La recrudescence de l’insécurité dans la ville de Kindu continue de susciter des réactions au sein de la société civile. L’Union des Jeunes du Maniema a exprimé, ce vendredi 22 mai 2026, sa vive inquiétude après les attaques armées survenues dans les communes de Kasuku et Mikelenge, ayant fait deux morts et plusieurs blessés.
Dans une déclaration rendue publique ce vendredi à Kindu, cette structure citoyenne dénonce ce qu’elle qualifie d’abandon de la population par les élus du Maniema.
« Aujourd’hui, nous ne savons même plus où partir dire nos problèmes en tant que bas peuple. Après leur théâtre au niveau de l’hémicycle, nos élus se sont envolés à Kinshasa pour leurs intérêts personnels, abandonnant ainsi la population », a déclaré le coordonnateur national de cette structure des jeunes du Maniema.
Les faits les plus récents remontent à la soirée du jeudi 21 mai. Aux environs de 19 heures, des hommes armés ont attaqué une alimentation située au marché d’Omata, dans la commune de Kasuku. Selon des sources locales, les assaillants auraient forcé l’entrée par l’arrière avant d’ouvrir le feu.
Le bilan provisoire fait état d’une jeune fille tuée sur place et de quatre personnes grièvement blessées. Ces dernières ont été évacuées à l’Hôpital Général de Référence de Kindu pour des soins d’urgence.
Quelques heures plus tard, vers 22 heures, une autre incursion armée a été signalée au quartier Tokolote, bloc Kombekombe, dans la commune de Mikelenge. Un jeune homme d’environ 30 ans y a été abattu par balles par des individus armés non encore identifiés.
Face à cette situation, l’Union des Jeunes du Maniema appelle les autorités provinciales et les services de sécurité à renforcer les mesures de protection de la population.
« En moins de deux semaines, plusieurs cas d’insécurité ont été répertoriés dans la ville de Kindu.
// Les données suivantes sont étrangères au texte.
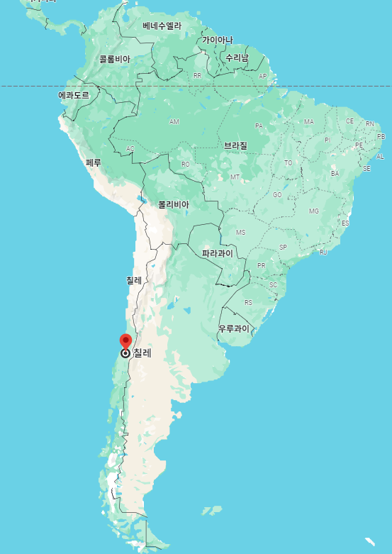 칠레"Chile"는 남아메리카의 남서부, 남태평양에 남북으로 매우 길게 접해있는 국가로 공식 국명은 칠레공화국"Republic of Chile",

La population vit désormais dans la peur permanente », alerte cette organisation.
La structure demande également l’ouverture d’enquêtes sérieuses afin de retrouver les auteurs de ces actes criminels et de les traduire devant la justice.
Pour sa part, le ministre provincial de l’Intérieur s’est rendu sur les lieux des attaques ainsi qu’à l’hôpital afin de s’enquérir de la situation des blessés. Une communication officielle des autorités provinciales est attendue ce vendredi 22 mai, pendant que les enquêtes se poursuivent.
Signalons que, Jusqu’à présent, aucune arrestation n’a été annoncée par les services de sécurité.